(Excerpts from a dataset)
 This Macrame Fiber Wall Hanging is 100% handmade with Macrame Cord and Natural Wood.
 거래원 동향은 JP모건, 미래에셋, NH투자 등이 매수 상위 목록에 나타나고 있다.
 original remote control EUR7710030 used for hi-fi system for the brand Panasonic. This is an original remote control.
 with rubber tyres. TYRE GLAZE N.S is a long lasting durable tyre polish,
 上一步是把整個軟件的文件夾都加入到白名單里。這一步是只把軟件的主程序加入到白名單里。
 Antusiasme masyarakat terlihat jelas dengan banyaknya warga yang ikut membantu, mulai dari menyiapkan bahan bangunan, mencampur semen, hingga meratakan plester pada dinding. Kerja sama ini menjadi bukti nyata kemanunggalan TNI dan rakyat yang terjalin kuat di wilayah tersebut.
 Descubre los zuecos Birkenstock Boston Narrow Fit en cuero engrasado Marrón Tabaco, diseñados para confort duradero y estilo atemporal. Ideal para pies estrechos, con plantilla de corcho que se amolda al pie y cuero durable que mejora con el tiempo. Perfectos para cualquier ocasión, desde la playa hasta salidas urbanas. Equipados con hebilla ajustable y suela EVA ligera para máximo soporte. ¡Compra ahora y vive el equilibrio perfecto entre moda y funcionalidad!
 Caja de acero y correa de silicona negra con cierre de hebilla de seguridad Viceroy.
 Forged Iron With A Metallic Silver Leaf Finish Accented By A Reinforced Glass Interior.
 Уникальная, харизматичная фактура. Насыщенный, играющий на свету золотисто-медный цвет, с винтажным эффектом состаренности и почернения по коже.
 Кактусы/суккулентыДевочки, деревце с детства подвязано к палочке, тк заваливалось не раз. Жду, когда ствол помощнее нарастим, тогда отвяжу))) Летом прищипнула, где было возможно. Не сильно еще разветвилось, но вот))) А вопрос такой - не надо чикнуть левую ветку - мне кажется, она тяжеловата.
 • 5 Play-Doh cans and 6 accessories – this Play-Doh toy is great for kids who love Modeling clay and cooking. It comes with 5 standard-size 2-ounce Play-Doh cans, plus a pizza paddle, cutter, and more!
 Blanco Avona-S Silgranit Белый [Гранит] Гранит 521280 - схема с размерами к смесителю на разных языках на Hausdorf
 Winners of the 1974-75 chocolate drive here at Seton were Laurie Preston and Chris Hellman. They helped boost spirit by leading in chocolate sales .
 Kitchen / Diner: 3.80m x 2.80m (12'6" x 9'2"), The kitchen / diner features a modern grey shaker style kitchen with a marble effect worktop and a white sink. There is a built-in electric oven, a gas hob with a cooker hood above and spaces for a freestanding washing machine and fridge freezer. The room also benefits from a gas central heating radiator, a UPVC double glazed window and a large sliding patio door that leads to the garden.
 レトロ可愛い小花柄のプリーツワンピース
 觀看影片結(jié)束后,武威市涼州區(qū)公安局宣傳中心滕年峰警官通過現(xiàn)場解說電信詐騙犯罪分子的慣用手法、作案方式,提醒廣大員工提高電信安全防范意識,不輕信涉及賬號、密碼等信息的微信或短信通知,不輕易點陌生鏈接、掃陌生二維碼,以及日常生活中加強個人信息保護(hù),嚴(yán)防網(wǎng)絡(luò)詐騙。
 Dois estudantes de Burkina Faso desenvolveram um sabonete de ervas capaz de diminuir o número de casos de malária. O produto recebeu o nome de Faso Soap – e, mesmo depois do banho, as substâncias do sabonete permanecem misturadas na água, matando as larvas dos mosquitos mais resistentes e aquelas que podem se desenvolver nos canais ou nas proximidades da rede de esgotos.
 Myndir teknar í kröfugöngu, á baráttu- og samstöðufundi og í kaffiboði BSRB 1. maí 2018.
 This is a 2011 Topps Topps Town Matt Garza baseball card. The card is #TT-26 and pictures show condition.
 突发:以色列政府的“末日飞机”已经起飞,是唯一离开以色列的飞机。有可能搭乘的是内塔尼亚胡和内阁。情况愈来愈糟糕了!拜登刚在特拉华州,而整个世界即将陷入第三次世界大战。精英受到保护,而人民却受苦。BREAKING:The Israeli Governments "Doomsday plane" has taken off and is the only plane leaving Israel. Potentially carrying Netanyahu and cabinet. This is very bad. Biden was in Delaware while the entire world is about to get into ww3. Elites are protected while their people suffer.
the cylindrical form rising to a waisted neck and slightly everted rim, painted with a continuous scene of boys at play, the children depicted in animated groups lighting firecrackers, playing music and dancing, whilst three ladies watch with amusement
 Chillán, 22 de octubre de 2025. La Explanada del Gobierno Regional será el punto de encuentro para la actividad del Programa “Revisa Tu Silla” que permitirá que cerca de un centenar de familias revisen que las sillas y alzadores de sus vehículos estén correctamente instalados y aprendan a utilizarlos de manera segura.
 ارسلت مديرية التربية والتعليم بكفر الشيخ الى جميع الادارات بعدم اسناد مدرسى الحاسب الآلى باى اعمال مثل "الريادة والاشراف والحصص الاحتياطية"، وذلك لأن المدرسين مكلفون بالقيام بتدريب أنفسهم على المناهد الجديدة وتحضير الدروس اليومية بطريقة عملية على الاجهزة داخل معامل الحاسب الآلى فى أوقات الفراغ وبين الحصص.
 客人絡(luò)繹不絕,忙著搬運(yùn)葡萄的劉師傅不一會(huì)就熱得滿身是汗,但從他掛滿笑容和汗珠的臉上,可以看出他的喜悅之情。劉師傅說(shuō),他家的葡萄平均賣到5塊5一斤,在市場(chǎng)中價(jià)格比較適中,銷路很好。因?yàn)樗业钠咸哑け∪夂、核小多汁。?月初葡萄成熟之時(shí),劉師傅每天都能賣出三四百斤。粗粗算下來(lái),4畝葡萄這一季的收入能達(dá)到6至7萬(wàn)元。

What you have to do :: Your answer must hold the line containing "ارسلت مديرية التربية" and all lines after it in the entries above, exactly, and nothing else.

Task output ::
 ارسلت مديرية التربية والتعليم بكفر الشيخ الى جميع الادارات بعدم اسناد مدرسى الحاسب الآلى باى اعمال مثل "الريادة والاشراف والحصص الاحتياطية"، وذلك لأن المدرسين مكلفون بالقيام بتدريب أنفسهم على المناهد الجديدة وتحضير الدروس اليومية بطريقة عملية على الاجهزة داخل معامل الحاسب الآلى فى أوقات الفراغ وبين الحصص.
 客人絡(luò)繹不絕,忙著搬運(yùn)葡萄的劉師傅不一會(huì)就熱得滿身是汗,但從他掛滿笑容和汗珠的臉上,可以看出他的喜悅之情。劉師傅說(shuō),他家的葡萄平均賣到5塊5一斤,在市場(chǎng)中價(jià)格比較適中,銷路很好。因?yàn)樗业钠咸哑け∪夂、核小多汁。?月初葡萄成熟之時(shí),劉師傅每天都能賣出三四百斤。粗粗算下來(lái),4畝葡萄這一季的收入能達(dá)到6至7萬(wàn)元。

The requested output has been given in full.